Natalie Glover and Maggie Fick
LONDON (Reuters) – GSK Chief Executive Officer Emma Walmsley on Wednesday made replenishing drug companies’ vaccines and therapeutics pipelines a top priority.
But analysts were disappointed that she didn’t provide any details about how she and her management plan to find the company’s next blockbuster drug.
After the world’s largest vaccine maker reported stronger-than-expected fourth-quarter results, the current pipeline will continue to grow at the end of the decade and beyond, Walmsley said by phone.
But analysts say there isn’t enough drug cabinets to sustain this momentum over the next few years.
Investors have been listening intently to GKS’ pipeline strategy after it last July spun off Haleon, a consumer health products business that makes Sensodyne toothpaste and other flagship products.
GSK has missed a big opportunity in the lucrative market for COVID-19 vaccines, but has had a strong quarter after years of underperforming relative to its peers.

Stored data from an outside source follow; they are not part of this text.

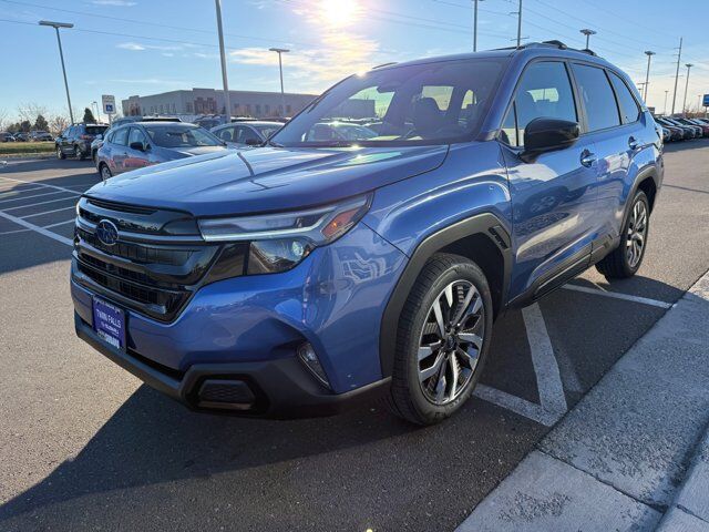 2026 Subaru Forester Touring Daybreak Blue Pearl Touring AWD 2.5L 4-Cylinder DOHC 16V Lineartronic CVT11 Speakers, 4-Wheel Disc Brakes, ABS brakes, Air Conditioning, Alloy wheels, AM/FM radio: SiriusXM with 360L, Anti-whiplash front head restraints, Auto High-beam Headlights, Automatic temperature control, Brake assist, Bumpers: body-color, Driver door bin, Driver vanity mirror, Dual front impact airbags, Dual front side impact airbags, Electronic Stability Control, Emergency communication system: MySubaru Companion (5-years free), Exterior Parking Camera Rear, Four wheel independent suspension, Front anti-roll bar, Front Bucket Seats, Front Center Armrest, Front dual zone A/C, Front fog lights, Front reading lights, Fully automatic headlights, harman/kardon® Speakers, Heads-Up Display, Heated and Ventilated Front Bucket Seats, Heated door mirrors, Heated front seats, Heated rear seats, Heated steering wheel, HVAC memory, Illuminated entry, Knee airbag, Leather Shift Knob, Leather steering wheel, Low tire pressure warning, Memory seat, Navigation System, Occupant sensing airbag, Outside temperature display, Overhead airbag, Overhead console, Panic alarm, Passenger door bin, Passenger vanity mirror, Perforated Leather-Trimmed Upholstery, Power door mirrors, Power driver seat, Power Liftgate, Power moonroof: Panoramic, Power passenger seat, Power steering, Power windows, Radio data system, Radio: Subaru 11.6 Multimedia Navigation System, Rain sensing wipers, Rear anti-roll bar, Rear seat center armrest, Rear window defroster, Rear window wiper, Remote keyless entry, Security system, Speed control, Speed-sensing steering, Split folding rear seat, Spoiler, Steering wheel mounted audio controls, Tachometer, Telescoping steering wheel, Tilt steering wheel, Traction control, Trip computer, Turn signal indicator mirrors, Variably intermittent wipers, Ventilated front seats, Wheels: 19 x 7.5 J Dark Gray Aluminum-Alloy.Visit www.twinfalls-subaru.com To See Our Specials!! Call us at 208-734-8860 for help from any of our team members. Let us show you how great it can be to work with the Magic Valley's #1 Volume Automotive Retailer!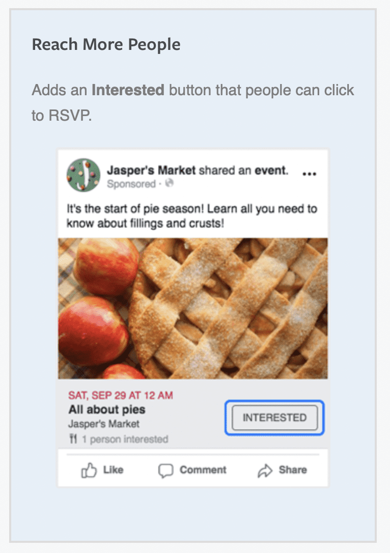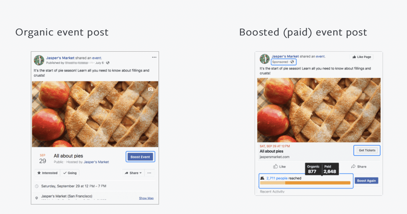 Boosting an event: Turns it into an ad that can appear in people’s News Feed. Adds a Sponsored label at the top of the ad. Lets you include either a “Get tickets” or “Interested” button. In order to run this type of ad, you first need to create an event.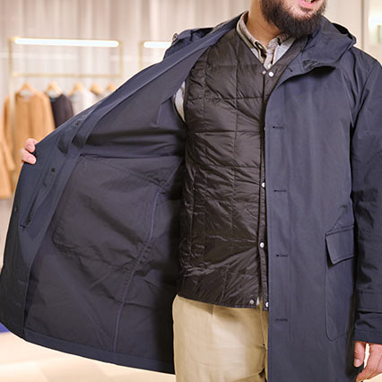 鳥海さん「丸の内を歩いても違和感の無い、大人カジュアルなスタイリングを考えました。ウールジャケットはストレッチツイードという素材を使っているので伸縮性があるうえに、暑すぎないので季節をまたいで着ていられます。胸ポケットを裏返すとそのままポケットチーフにもなるギミックも。ジレタイプのベストは体にピタッとフィットするので着膨れせず、しっかりダウンが使われているのでこれだけでもかなり温かいです。キャップにもウール素材のものを合わせてまとめました」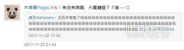 截至11月23日晚,该微博已转发六万,转发评论里清一色的“哈哈哈哈哈”令林宥嘉哭笑不得,他转发微博,并说道:“有没有搞错,六万转发??”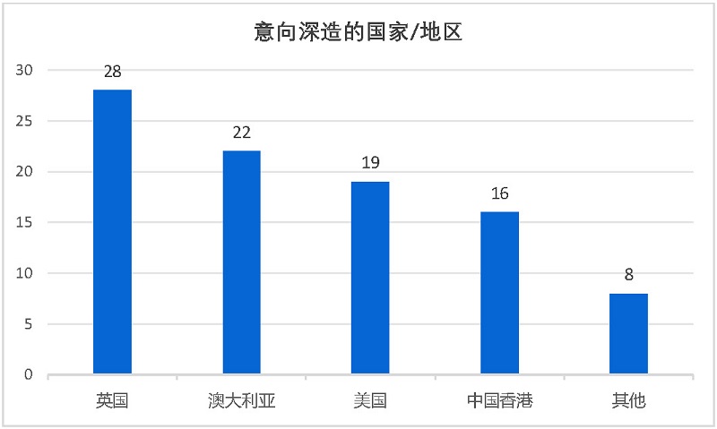 在留学深造的首选国家和地区方面,英国、澳大利亚、美国和中国香港成为学子们的主要选择,分别占比30.11%、23.66%、20.43%和17.20%;其余同学前往新加坡、瑞士或中国澳门等地。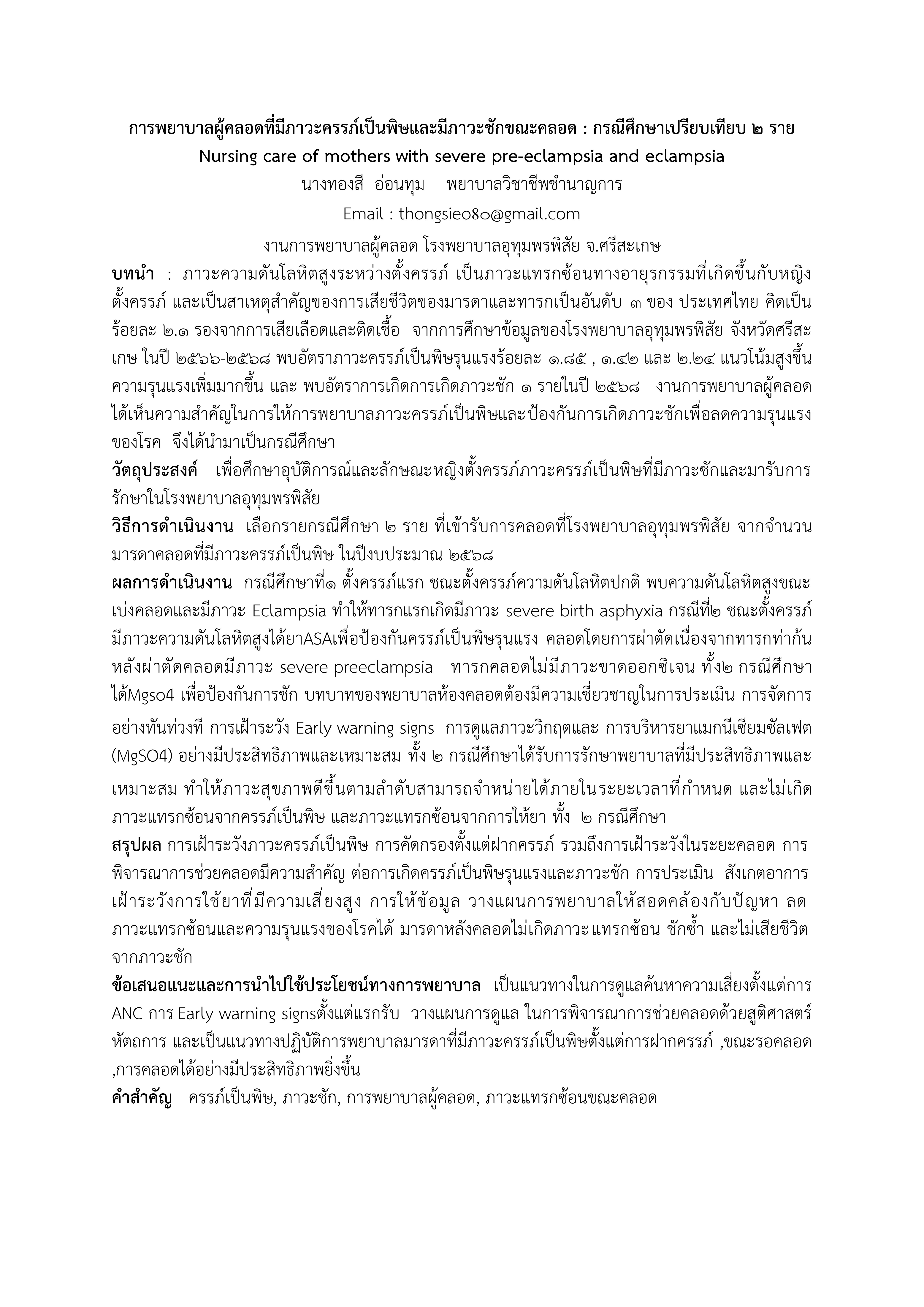 Eknarin สร้างหัวข้อกระทู้: [ 2568 ] : การพยาบาลผู้คลอดที่มีภาวะครรภ์เป็นพิษและมีภาวะชักขณะคลอด

Fourth-quarter results were boosted by sales of HIV medicines and the blockbuster shingles vaccine Shingrix.
However, after an early surge, GSK’s share of London’s blue chip FTSE 100 closed 0.2% lower.
Barclays analyst Emily Field said: “We didn’t learn much today about their efforts to expand their pipeline.
The loss of patent protection for dolutegravir, a compound that forms part of GSK’s four HIV medicines, by 2027 is of particular concern as more than £5bn ($6.2bn) of sales are at risk will be Third bridge.
Among its few prospects, GSK relies primarily on vaccines targeting respiratory syncytial virus (RSV). RSV causes thousands of hospitalizations and deaths each year, at least partially offsetting the losses.
It has been submitted for regulatory review in the United States, European Union, and Japan.
But rivals Pfizer and Moderna are also competing for a piece of the estimated $10 billion market, and some analysts expect GSK may only get a piece of it, he said. Skeet told Reuters.
“So there’s still room to make up,” he said.
The company has announced several acquisitions, including an agreement to acquire U.S.-based Sierra Oncology in 2022, but it has also ditched its cancer-focused pact and the cell and gene therapy space entirely. We have culled a small number of programs from the pipeline.
GSK has also suffered setbacks in its marketed oncology portfolio in recent months. Meanwhile, analysts say Shingrix’s market will eventually become saturated, further limiting the company’s growth prospects.
R&D expenses
GSK’s R&D spending has long lagged its peers, and activist investor Elliott stressed in his 2021 letter that he was pressuring him to make drastic changes. doing.
Citeline senior healthcare analyst Andrew McConaghy says the company is starting to close the gap by spending just over £5bn ($6.2bn) on R&D in 2022, but still rivals Roche, AstraZeneca and Pfizer. lagging behind.
With the help of technologies such as artificial intelligence, GSK’s top scientists can double R&D productivity from the industry standard of 10% to 20%, or reduce the entire journey from early clinical trials to market in 10 minutes. said it is working on using 2 drugs.
Some investors and industry experts say the company still has time to turn around its drug pipeline.
Lucy Coutts, investment director at asset management firm JM Finn, which holds a stake in GSK, hopes the company will eventually offer a streamlined and specialized portfolio of blockbuster drugs.
But until that happens, stocks may continue to be under pressure.
“At this stage, there is little prospect for investors on that,” she said.